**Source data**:
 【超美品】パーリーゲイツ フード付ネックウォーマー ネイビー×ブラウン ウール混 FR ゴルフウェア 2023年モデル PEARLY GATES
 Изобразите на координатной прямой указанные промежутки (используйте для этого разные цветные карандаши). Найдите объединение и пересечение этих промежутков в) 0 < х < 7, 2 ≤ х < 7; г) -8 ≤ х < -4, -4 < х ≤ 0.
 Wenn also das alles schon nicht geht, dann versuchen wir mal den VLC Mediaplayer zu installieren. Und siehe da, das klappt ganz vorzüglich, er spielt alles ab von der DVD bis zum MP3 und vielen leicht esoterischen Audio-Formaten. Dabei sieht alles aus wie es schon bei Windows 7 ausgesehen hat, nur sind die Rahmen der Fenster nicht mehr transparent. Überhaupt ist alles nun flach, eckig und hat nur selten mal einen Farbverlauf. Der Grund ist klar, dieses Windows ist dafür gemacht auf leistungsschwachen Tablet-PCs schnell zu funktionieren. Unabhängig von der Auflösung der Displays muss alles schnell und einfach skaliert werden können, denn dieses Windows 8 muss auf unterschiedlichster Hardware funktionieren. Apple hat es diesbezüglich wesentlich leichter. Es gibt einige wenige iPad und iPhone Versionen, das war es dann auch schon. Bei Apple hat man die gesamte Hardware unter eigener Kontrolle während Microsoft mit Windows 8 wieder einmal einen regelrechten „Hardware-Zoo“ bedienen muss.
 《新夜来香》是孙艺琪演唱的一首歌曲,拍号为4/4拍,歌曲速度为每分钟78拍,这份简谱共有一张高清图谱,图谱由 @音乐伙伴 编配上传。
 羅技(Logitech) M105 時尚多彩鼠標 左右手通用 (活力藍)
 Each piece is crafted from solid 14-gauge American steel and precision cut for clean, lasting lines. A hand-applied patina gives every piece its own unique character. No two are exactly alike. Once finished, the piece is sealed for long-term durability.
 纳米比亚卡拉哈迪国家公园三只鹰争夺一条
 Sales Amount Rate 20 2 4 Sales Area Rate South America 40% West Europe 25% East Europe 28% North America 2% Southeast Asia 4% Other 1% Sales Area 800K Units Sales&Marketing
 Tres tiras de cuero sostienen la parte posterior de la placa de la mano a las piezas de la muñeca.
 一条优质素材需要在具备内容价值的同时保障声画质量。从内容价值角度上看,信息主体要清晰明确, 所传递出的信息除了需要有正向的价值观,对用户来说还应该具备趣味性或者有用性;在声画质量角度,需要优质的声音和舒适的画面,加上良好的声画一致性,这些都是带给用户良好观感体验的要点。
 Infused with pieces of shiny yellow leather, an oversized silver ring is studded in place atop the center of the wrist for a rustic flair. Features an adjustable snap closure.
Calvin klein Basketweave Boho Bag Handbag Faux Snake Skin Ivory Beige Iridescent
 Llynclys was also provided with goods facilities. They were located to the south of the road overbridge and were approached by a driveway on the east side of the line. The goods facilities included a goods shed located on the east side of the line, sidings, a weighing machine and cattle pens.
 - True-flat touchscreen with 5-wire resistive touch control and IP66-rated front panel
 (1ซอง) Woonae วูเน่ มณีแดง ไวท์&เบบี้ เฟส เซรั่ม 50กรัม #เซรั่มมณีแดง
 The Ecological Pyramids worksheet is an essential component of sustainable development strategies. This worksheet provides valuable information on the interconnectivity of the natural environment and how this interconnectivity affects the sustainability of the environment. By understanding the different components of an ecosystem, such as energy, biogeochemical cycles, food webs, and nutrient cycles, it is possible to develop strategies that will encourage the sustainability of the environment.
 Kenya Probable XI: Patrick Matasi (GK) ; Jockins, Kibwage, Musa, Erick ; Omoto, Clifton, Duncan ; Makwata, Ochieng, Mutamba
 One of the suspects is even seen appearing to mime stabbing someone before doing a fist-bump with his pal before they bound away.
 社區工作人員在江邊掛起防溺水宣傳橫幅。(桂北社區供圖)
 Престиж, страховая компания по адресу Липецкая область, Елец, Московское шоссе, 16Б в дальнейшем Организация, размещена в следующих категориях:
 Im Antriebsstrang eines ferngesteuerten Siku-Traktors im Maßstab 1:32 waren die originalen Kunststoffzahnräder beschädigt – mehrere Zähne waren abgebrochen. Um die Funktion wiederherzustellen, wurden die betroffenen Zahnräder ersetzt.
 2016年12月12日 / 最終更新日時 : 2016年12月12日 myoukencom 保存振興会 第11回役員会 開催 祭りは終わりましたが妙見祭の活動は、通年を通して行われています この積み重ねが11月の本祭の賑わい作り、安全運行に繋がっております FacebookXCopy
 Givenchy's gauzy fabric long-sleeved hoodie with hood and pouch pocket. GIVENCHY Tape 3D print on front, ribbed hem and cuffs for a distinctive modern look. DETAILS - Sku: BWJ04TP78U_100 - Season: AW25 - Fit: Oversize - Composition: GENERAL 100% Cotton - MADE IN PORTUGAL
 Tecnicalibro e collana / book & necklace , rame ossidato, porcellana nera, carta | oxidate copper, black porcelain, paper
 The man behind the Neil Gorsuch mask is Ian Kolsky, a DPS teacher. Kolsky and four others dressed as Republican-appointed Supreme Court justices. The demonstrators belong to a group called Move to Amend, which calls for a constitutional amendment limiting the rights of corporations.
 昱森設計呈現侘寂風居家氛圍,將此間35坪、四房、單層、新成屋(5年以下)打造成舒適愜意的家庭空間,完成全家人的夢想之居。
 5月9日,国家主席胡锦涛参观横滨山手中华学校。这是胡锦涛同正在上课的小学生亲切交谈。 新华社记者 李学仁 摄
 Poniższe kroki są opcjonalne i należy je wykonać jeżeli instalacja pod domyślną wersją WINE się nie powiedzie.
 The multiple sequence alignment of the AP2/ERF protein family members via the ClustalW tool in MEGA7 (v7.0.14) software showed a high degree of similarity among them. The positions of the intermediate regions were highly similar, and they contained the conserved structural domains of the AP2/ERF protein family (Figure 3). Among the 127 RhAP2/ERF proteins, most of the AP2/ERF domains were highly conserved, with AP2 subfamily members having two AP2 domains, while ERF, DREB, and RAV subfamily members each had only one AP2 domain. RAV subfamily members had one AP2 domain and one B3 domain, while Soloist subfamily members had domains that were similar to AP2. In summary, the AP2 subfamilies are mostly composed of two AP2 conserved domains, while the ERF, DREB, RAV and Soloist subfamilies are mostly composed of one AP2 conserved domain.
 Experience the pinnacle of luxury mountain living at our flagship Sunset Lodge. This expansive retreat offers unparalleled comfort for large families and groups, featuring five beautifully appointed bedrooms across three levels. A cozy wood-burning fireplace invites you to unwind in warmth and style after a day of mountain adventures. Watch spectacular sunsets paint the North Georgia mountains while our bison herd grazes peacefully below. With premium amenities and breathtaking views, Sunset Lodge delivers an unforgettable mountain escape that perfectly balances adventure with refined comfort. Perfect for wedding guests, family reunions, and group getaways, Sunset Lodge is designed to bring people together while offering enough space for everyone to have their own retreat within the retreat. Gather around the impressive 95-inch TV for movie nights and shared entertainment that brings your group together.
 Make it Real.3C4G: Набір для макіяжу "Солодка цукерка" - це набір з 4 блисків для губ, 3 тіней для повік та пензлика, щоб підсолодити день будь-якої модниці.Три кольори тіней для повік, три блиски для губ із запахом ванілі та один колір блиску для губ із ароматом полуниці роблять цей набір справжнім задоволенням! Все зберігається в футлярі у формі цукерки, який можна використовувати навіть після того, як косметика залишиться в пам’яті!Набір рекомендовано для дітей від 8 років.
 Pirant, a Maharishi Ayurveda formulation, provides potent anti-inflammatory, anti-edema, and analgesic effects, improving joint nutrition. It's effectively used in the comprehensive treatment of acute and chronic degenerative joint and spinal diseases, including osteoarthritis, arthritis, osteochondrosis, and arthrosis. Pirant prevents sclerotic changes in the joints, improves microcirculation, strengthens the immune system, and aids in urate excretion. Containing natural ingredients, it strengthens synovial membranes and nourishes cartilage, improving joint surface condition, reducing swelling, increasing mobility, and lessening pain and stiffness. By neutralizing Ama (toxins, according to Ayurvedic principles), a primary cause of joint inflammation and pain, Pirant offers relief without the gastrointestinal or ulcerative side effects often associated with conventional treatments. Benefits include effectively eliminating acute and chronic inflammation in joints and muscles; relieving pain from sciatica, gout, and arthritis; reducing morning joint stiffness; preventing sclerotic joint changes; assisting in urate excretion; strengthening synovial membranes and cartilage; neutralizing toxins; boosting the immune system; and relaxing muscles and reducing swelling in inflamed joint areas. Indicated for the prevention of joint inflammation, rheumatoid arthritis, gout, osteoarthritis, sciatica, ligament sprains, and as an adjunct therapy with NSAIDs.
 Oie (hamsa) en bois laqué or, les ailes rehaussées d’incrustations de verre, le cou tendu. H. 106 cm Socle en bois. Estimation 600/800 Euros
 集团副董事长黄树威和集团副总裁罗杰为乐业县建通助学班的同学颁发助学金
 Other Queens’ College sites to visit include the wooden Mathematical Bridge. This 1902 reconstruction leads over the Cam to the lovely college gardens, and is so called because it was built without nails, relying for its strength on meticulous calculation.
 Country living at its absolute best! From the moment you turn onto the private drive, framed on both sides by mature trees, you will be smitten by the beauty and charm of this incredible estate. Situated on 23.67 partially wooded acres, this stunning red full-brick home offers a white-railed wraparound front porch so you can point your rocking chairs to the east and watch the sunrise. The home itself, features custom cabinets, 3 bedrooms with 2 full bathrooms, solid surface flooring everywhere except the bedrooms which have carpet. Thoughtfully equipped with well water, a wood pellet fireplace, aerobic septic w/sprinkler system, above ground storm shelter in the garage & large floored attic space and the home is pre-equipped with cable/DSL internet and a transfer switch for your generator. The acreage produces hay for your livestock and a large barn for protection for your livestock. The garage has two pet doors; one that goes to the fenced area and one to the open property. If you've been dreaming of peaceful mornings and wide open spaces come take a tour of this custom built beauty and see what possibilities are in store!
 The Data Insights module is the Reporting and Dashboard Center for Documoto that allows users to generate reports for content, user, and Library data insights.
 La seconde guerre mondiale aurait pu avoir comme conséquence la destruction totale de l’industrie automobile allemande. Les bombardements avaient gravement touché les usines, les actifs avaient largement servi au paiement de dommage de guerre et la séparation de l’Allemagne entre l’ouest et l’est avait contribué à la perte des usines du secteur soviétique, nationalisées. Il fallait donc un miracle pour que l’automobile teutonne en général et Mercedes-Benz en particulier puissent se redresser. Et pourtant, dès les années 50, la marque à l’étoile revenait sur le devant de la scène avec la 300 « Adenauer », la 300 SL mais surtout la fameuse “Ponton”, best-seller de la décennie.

**Exercise aim**:
Taking the records above, retype every line from the one with "Im Antriebsstrang eines" down to the one with "Tecnicalibro e collana", exactly and with nothing else.

**Response area**:
 Im Antriebsstrang eines ferngesteuerten Siku-Traktors im Maßstab 1:32 waren die originalen Kunststoffzahnräder beschädigt – mehrere Zähne waren abgebrochen. Um die Funktion wiederherzustellen, wurden die betroffenen Zahnräder ersetzt.
 2016年12月12日 / 最終更新日時 : 2016年12月12日 myoukencom 保存振興会 第11回役員会 開催 祭りは終わりましたが妙見祭の活動は、通年を通して行われています この積み重ねが11月の本祭の賑わい作り、安全運行に繋がっております FacebookXCopy
 Givenchy's gauzy fabric long-sleeved hoodie with hood and pouch pocket. GIVENCHY Tape 3D print on front, ribbed hem and cuffs for a distinctive modern look. DETAILS - Sku: BWJ04TP78U_100 - Season: AW25 - Fit: Oversize - Composition: GENERAL 100% Cotton - MADE IN PORTUGAL
 Tecnicalibro e collana / book & necklace , rame ossidato, porcellana nera, carta | oxidate copper, black porcelain, paper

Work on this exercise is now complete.